Young M R, Young M E, Wepsic H T
Cancer Res. 1987 Jul 15;47(14):3679-83.
The role of prostaglandin E2 (PGE2) in directly stimulating metastatic spread by Lewis lung carcinoma (LLC) cells was examined with the use of an in vitro migration model for tumor dissemination. The extent to which cloned metastatic and nonmetastatic LLC cells migrated out of glass capillary tubes in vitro reflected their capacity to form pulmonary metastases in vivo. The addition of PGE2 to metastatic LLC cells further stimulated their migration. Other cyclooxygenase products, besides PGE2, did not stimulate the migration of metastatic LLC cells. Nonmetastatic LLC cells did not migrate out of capillary tubes, even in the presence of exogenous PGE2. The amount of PGE2 secreted by cloned LLC cells was quantitated by a radioimmunoassay. Nonmetastatic LLC cells secreted more PGE2 than did the metastatic LLC cells. When the nonmetastatic LLC cells were either mixed with or placed adjacent to cloned metastatic LLC cells, the migration by the metastatic LLC cells was stimulated. The migration-stimulatory capacity of the nonmetastatic LLC cells was minimized in the presence of indomethacin, a prostaglandin synthesis inhibitor. Studies were conducted to relate these in vitro results to tumor metastasis in vivo. Injection of a mixture of metastatic and nonmetastatic LLC cells into mice s.c. resulted in a greater number of lung metastases than did injection of metastatic cells alone. This increase in metastasis formation was prevented by indomethacin. Formation of pulmonary metastases was also augmented when irradiated nonmetastatic LLC cells were injected into metastatic LLC-bearing mice. The results of our studies suggest that nonmetastatic LLC cells, by producing PGE2, can augment in vitro migration and in vivo dissemination of metastatic LLC cells. Thus, the response of tumor cells to PGE2, rather than simply their production of PGE2, appears to be important in regulating tumor dissemination.
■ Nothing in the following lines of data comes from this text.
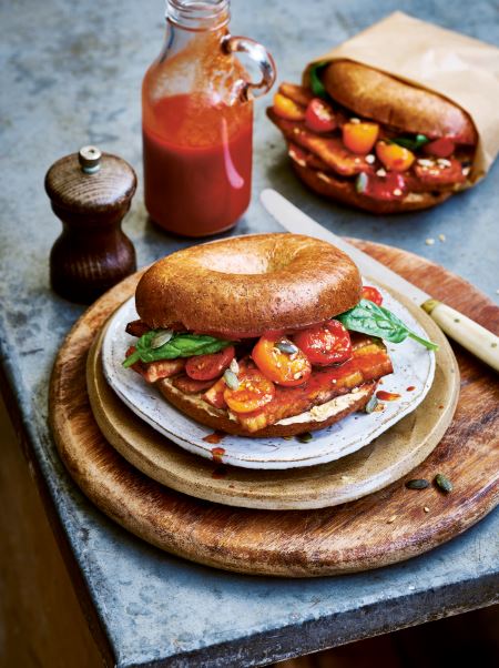 5. Serve the tempeh bacon in toasted wholemeal bagels with the blistered tomatoes, some fresh spinach, vegan cream cheese, ketchup and a sprinkling of mixed seeds.
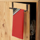 Röd och svart handduk med guld och silver rand för att dela färg.
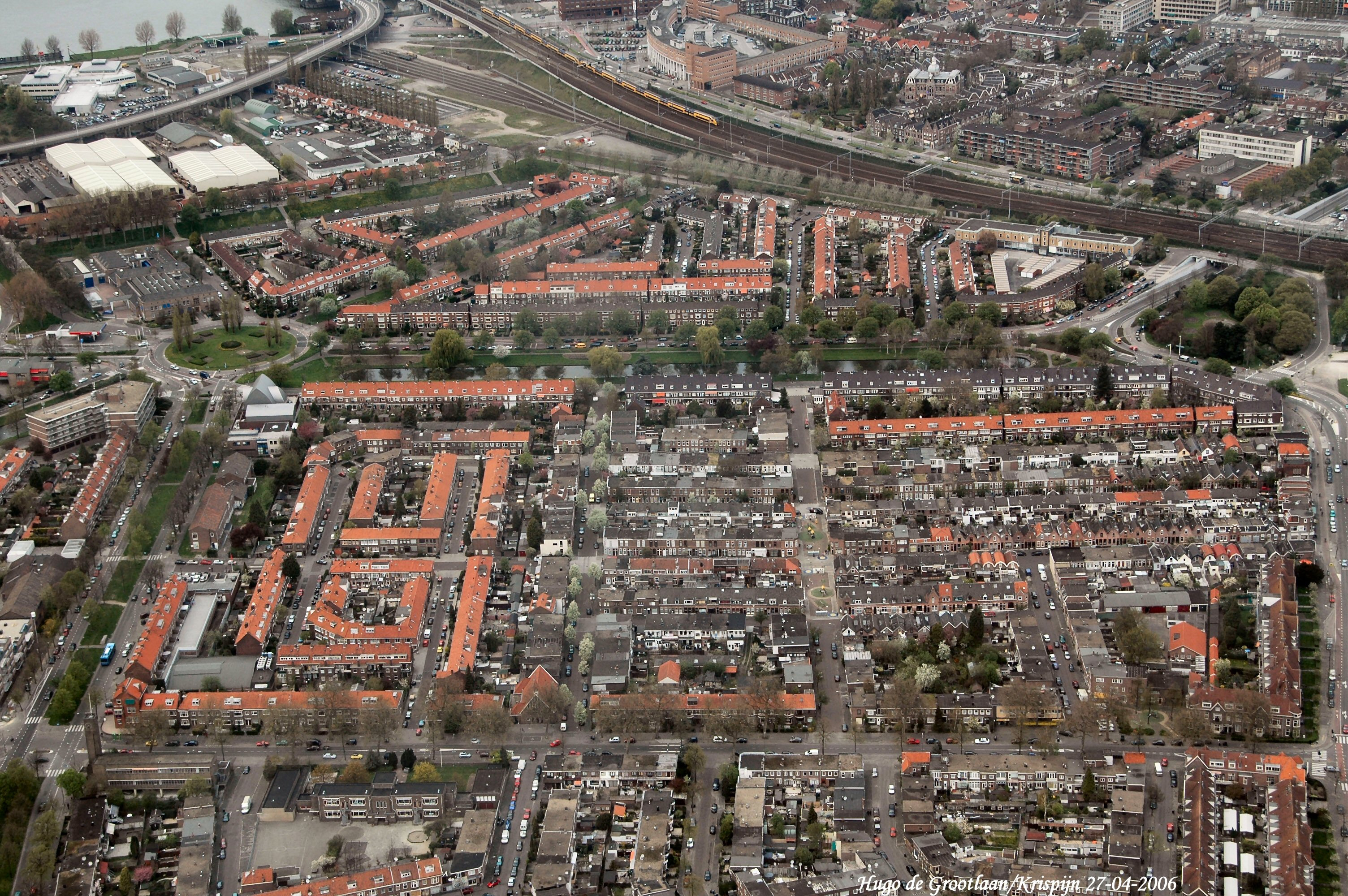 Links boven oprit Stadsbrug naar Zwijndrecht. Midden links Hugo de Grootplein. Links onder naar boven Brouwersdijk. Rechts onder naar boven Krispijnseweg. Onder van links naar rechts Bosboom Toussaintstraat.

利用肿瘤播散的体外迁移模型,研究了前列腺素E2(PGE2)在直接刺激Lewis肺癌(LLC)细胞发生转移扩散中的作用。克隆的转移性和非转移性LLC细胞在体外从玻璃毛细管中迁移出来的程度反映了它们在体内形成肺转移的能力。向转移性LLC细胞中添加PGE2进一步刺激了它们的迁移。除PGE2外,其他环氧化酶产物均未刺激转移性LLC细胞的迁移。即使存在外源性PGE2,非转移性LLC细胞也不会从毛细管中迁移出来。通过放射免疫测定法定量克隆的LLC细胞分泌的PGE2量。非转移性LLC细胞分泌的PGE2比转移性LLC细胞多。当非转移性LLC细胞与克隆的转移性LLC细胞混合或相邻放置时,转移性LLC细胞的迁移受到刺激。在前列腺素合成抑制剂吲哚美辛存在的情况下,非转移性LLC细胞的迁移刺激能力降至最低。开展研究以将这些体外结果与体内肿瘤转移相关联。将转移性和非转移性LLC细胞的混合物注射到小鼠皮下,比单独注射转移性细胞导致更多的肺转移。吲哚美辛可阻止转移形成的这种增加。当将经辐照的非转移性LLC细胞注射到携带转移性LLC的小鼠中时,肺转移的形成也会增加。我们的研究结果表明,非转移性LLC细胞通过产生PGE2,可以增强转移性LLC细胞的体外迁移和体内播散。因此,肿瘤细胞对PGE2的反应,而不仅仅是它们产生PGE2,似乎在调节肿瘤播散中很重要。